Si pregano i gentili passeggeri di porre attenzione ai borseggiatori
Anche questo è un uso meno informale rispetto a “mettere”. Chiaramente anche “fare attenzione” è una possibilità, e tra l’altro è molto più utilizzata rispetto a mettere e porre parlando di “attenzione“.
Si usa come alternativa al verbo “fare” , ancora una volta meno informale, anche quando si “fa” una domanda.
Posso dire infatti:
Porre una domanda
Es: Se volete porre una domanda al professore, potete farlo al termine della lezione.
Porre si può usare anche per fare delle ipotesi: “poniamo che…” Equivalente ma più formale rispetto a “mettiamo che…” e equivalente anche a “ipotizziamo che…”. Per saperne di più date un’occhiata all’episodio di italiano professionale in cui si parla di situazioni ipotetiche.
Es:
Poniamo che io vi insulti pesantemente. Come reagireste?
Altri modi di usare il verbo porre sono:
Porre in evidenza
Porre a confronto
Porre in relazione
Porre a rapporto
In tutti questi casi, il verbo “porre” viene utilizzato in senso figurato per esprimere l’idea di mettere o collocare qualcosa o qualcuno in una situazione specifica o per scopi particolari, diversi dall’uso letterale del verbo.
Quando si “pone in evidenza” qualcosa, si sta sottolineando, mettendo in risalto o enfatizzando un particolare aspetto o caratteristica. Ad esempio:
Il capo ha posto in evidenza i dettagli del suo programma
Quando invece si “pongono a confronto” due o più cose, si stanno valutando le loro differenze o somiglianze.
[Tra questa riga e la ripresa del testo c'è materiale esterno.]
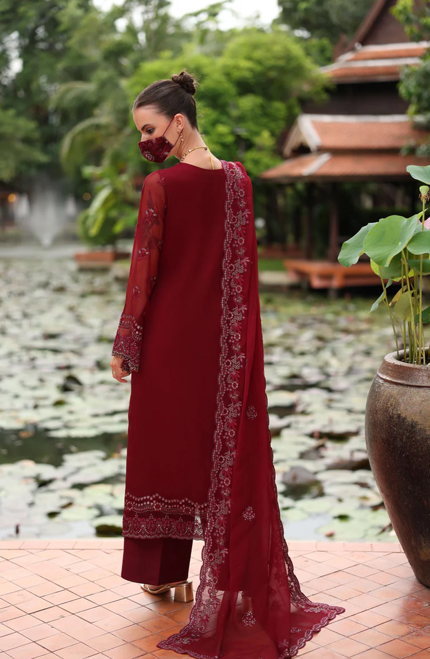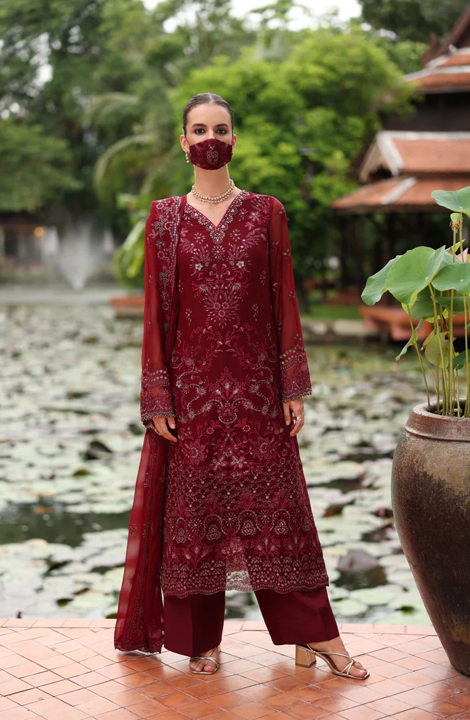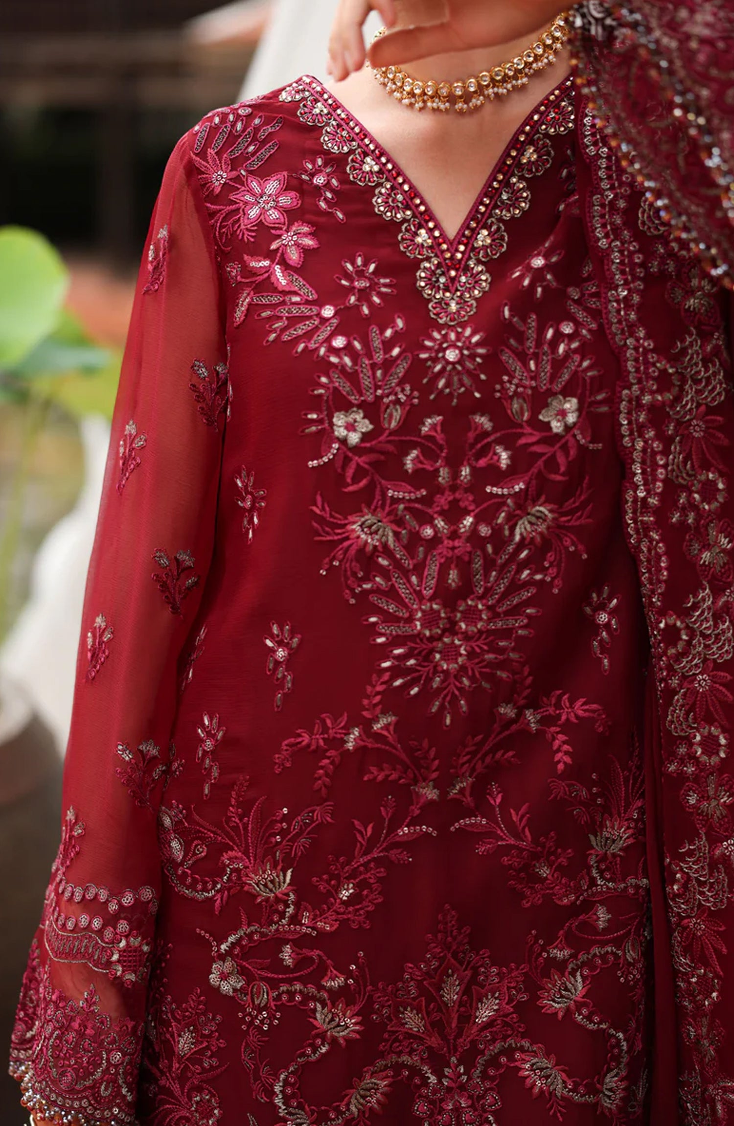Flossie Naayab by Kuch Khas Embroidered Chiffon Unstitched 3 Piece Suit - K-105 - FLS25NKK - Red - Festive Collection

Ad esempio:
È interessante porre a confronto le culture di questi due paesi.
“Porre a rapporto” ha lo stesso uso. Si usa però anche in matematica quando si fa una divisione; infatti ogni divisione si esprime attraverso il rapporto tra due valori o numeri o grandezze.
“Porre in relazione” è leggermente diverso, perché qui, “porre” significa “mettere in una connessione” o “collegare”. Quando si “pongono in relazione” due o più elementi, si sta esaminando come essi sono legati tra loro o come interagiscono. Ad esempio:
Questo libro pone in relazione la storia e la cultura della Regione Lazio.
Adesso passiamo a porsi.
Quando si pone sé stessi, il verbo porre diventa “porsi“.
“Porsi” è quindi una forma riflessiva di “porre“.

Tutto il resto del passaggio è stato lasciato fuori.